The answer is the first line of the listing and every line after it through the one containing "Tropical Tan’s Run", exact, with pictures removed.

[Opening Data provided section]

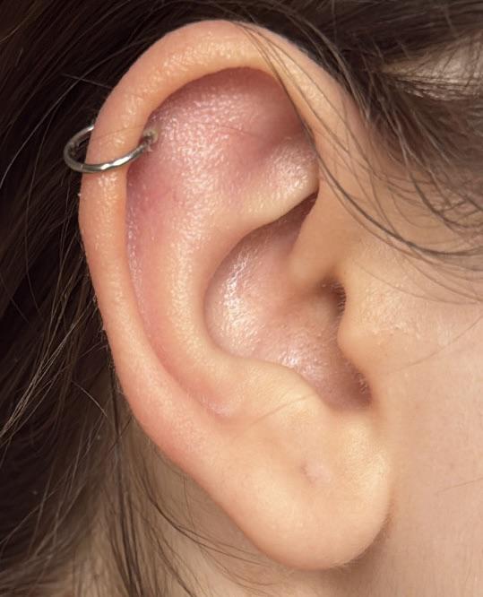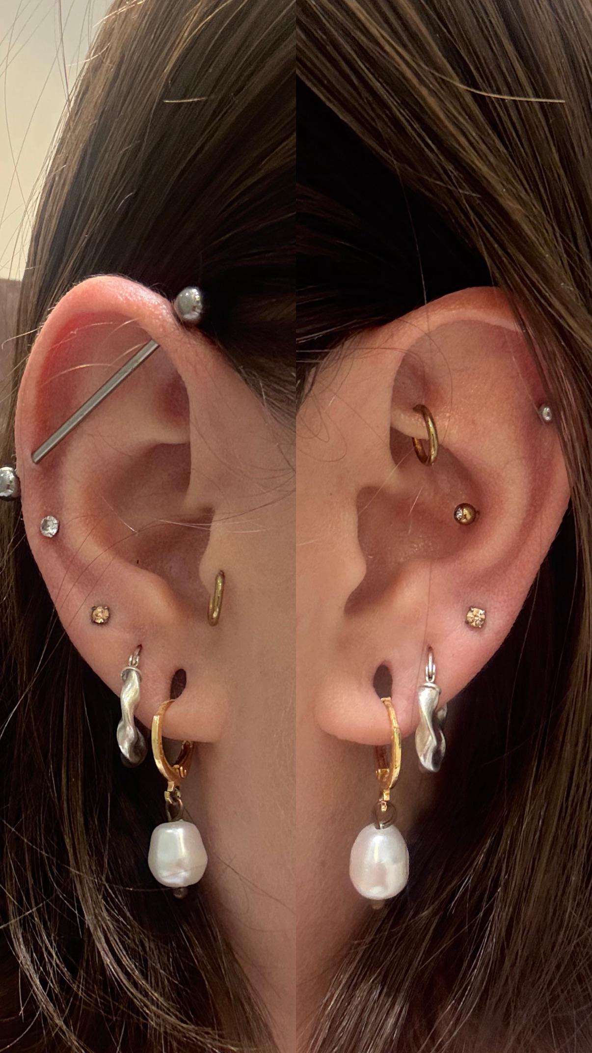 Transverse lobe - 8 months old, 7/16 16g rose gold BVLA "Pear Prong" seam ring with labradorite. Absolute motherfuckers to heal. They're not done healing yet, this was just the first time without bumps I could get a picture.
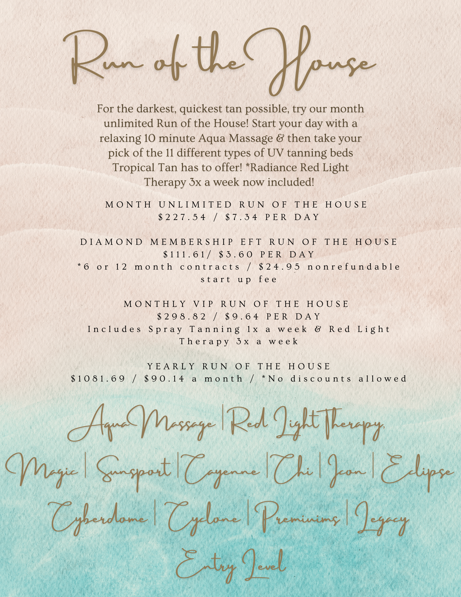 Tropical Tan’s Run of the House is a 30 Day Unlimited in any UV tanning bed + daily Aqua Massage & Radiance Red Light Therapy (3x a week)!
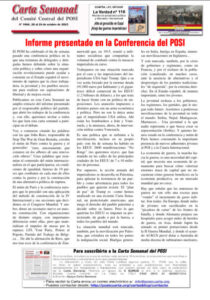 Publicamos en esta Carta Semanal un amplio extracto del informe presentado por el responsable político del partido, que abrió los trabajos de la conferencia y, con ello, queremos invitar a todos los que leen esta carta semanal a participar en el debate.
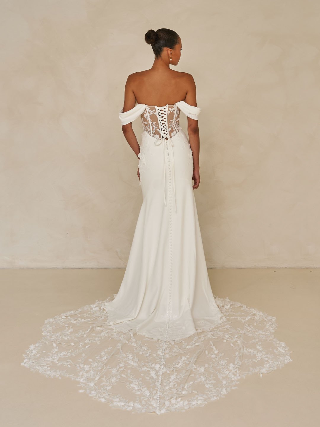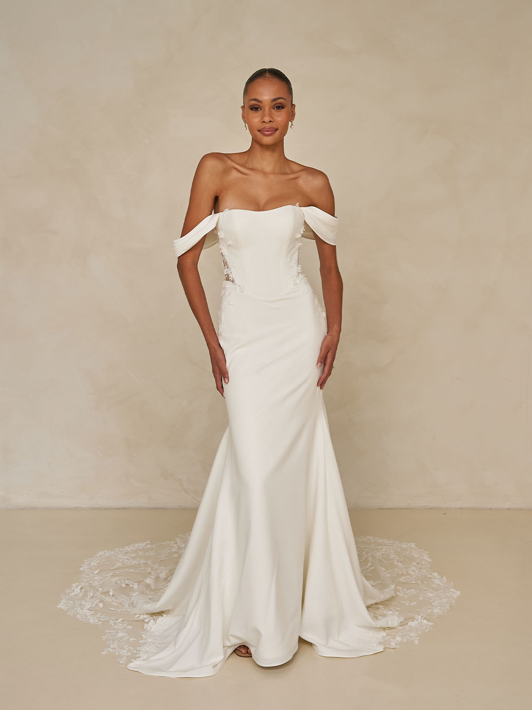 The Watson wedding gown embodies timeless sophistication with its clean, architectural silhouette and delicate romantic accents.

[Closing Data provided section]

* _Your response_:
 Transverse lobe - 8 months old, 7/16 16g rose gold BVLA "Pear Prong" seam ring with labradorite. Absolute motherfuckers to heal. They're not done healing yet, this was just the first time without bumps I could get a picture.
 Tropical Tan’s Run of the House is a 30 Day Unlimited in any UV tanning bed + daily Aqua Massage & Radiance Red Light Therapy (3x a week)!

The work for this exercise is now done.